Section 5.1.2.5 of the CUDA 2.1 Programming Guide states "“any memory read or write request made of n addresses that fall in n distinct memory banks can be serviced simultaneously”. Does a bank conflict occur if multiple threads read from two different addresses? For example, does a conflict occur if threads 0 and 1 read from foo[0] and threads 2 and 3 read from foo[1]? This is only two unique addresses (foo[0] and foo[1]) and each address falls in a different bank (assuming foo is an array of ints).

of course, Bank conflict occurs. because thread 0, 1 and thread 2, 3 are the same halfwarp.

Thread 0, 1 access same bank (which allocate foo[0]), and Thread 2, 3 access same bank (which allocate foo[1]).

But the four threads read a total of two addresses from two banks (n=2). Threads 0 and 1 both read foo[0] (the same address) and threads 2 and 3 both read foo[1] (the same address). Why does it cause a bank conflict if the same exact address is being read? (I understand why a conflict would occur if multiple threads read from two or more addresses in the same 32-bit word. This is the reason for the broadcast mechanism.)

See figure 5.8 in the same manual for your answer - assuming the other threads in the half-warp don’t cause conflicts then there will be no conflicts.

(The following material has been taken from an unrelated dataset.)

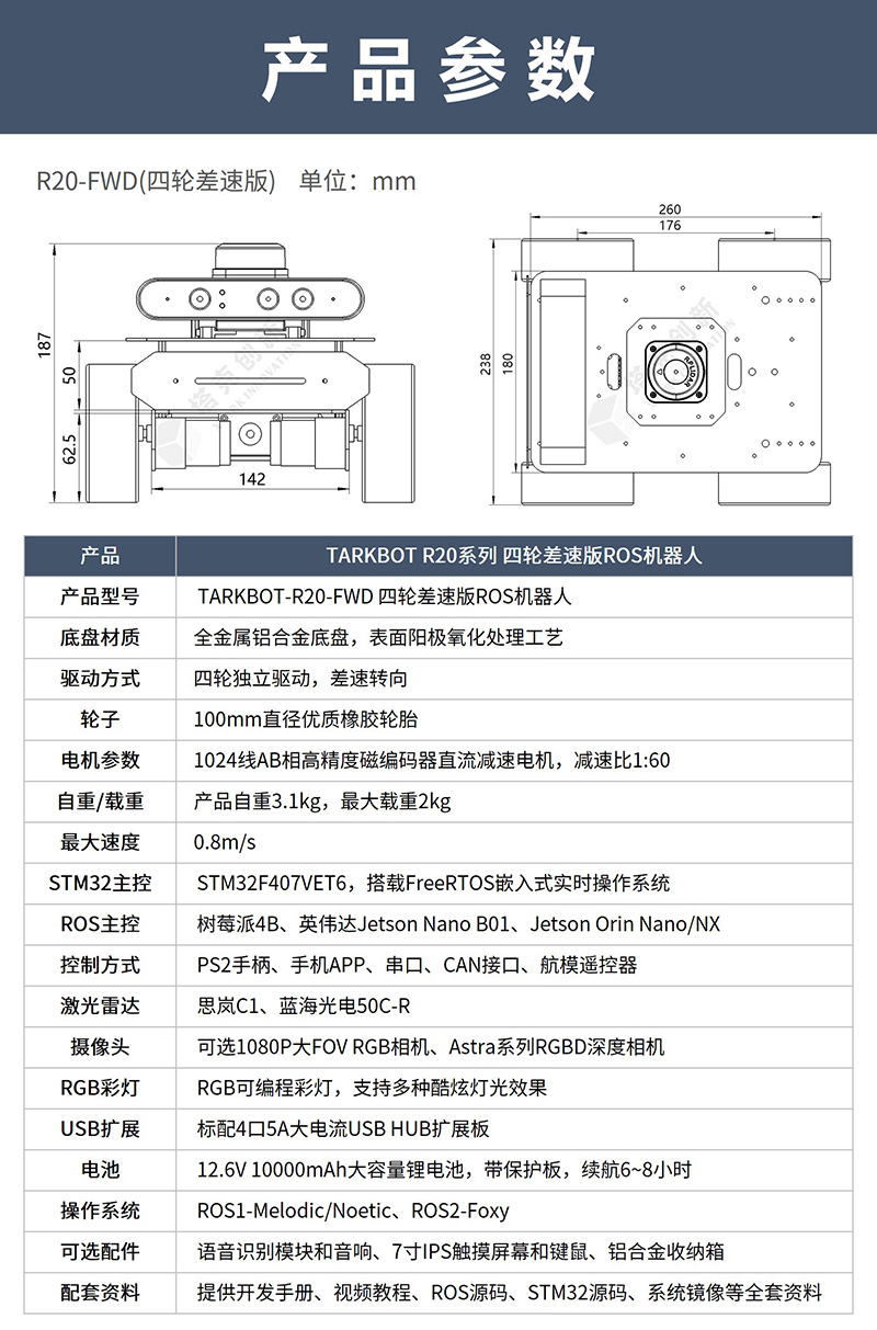 TARKBOT-R20-FWD 四輪差速ROS機(jī)器人
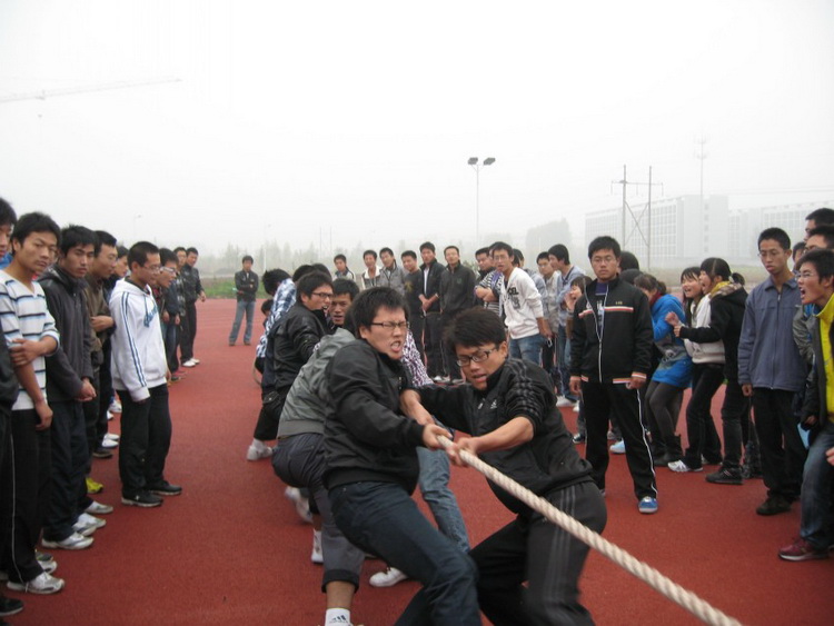 为了丰富同学们的课余文化生活,提高同学们的团结意识,培养同学们努力拼搏、坚忍不拔的体育精神,同时充分展示米乐mile官方网站学生风采。11月4日-5日,由米乐mile官方网站学生会纪检部主办的米乐mile官方网站年级拔河比赛在高密校区举行,米乐mile官方网站2011级全体同学参加此次比赛,分团委老师秦洪庆现场观看比赛。此次比赛以班级为单位,每个班各选十五名选手参加比赛,比赛采取三局两胜的方式。

I’m not sure that either diagram (left or right) in figure 5.8 depicts the scenario I am describing. In the left diagram, all threads in the half warp read from the same 32 bit word (a single word). As a result, the broadcast mechanism can service all of the requests at once. The right diagram depicts a scenario in which there is one set of threads reading from the same word, and all other threads read from words in different banks. The guide states that which word is selected by the broadcast mechanism is unspecified and can’t be predetermined. As a result, the scenario will cause a bank conflict if bank 5 is not selected as the broadcast word.

Both of these scenarios are different than what I am describing. My scenario would look like:

thread 0 → foo[0] (bank 0)

thread 1 /

thread 2 \

thread 3 → foo[1] (bank 1)

For easy to understand.

Thread0 accesses bank0 (foo[0]), and this time thread1 wants to access bank0 (foo[0]) too.

with this situation, Cuda driver allows thread0 access bank0 and thread1 must wait until thread0 is finish → warp_serial occurs (bank_conflict).

Same for thread2 and thread3.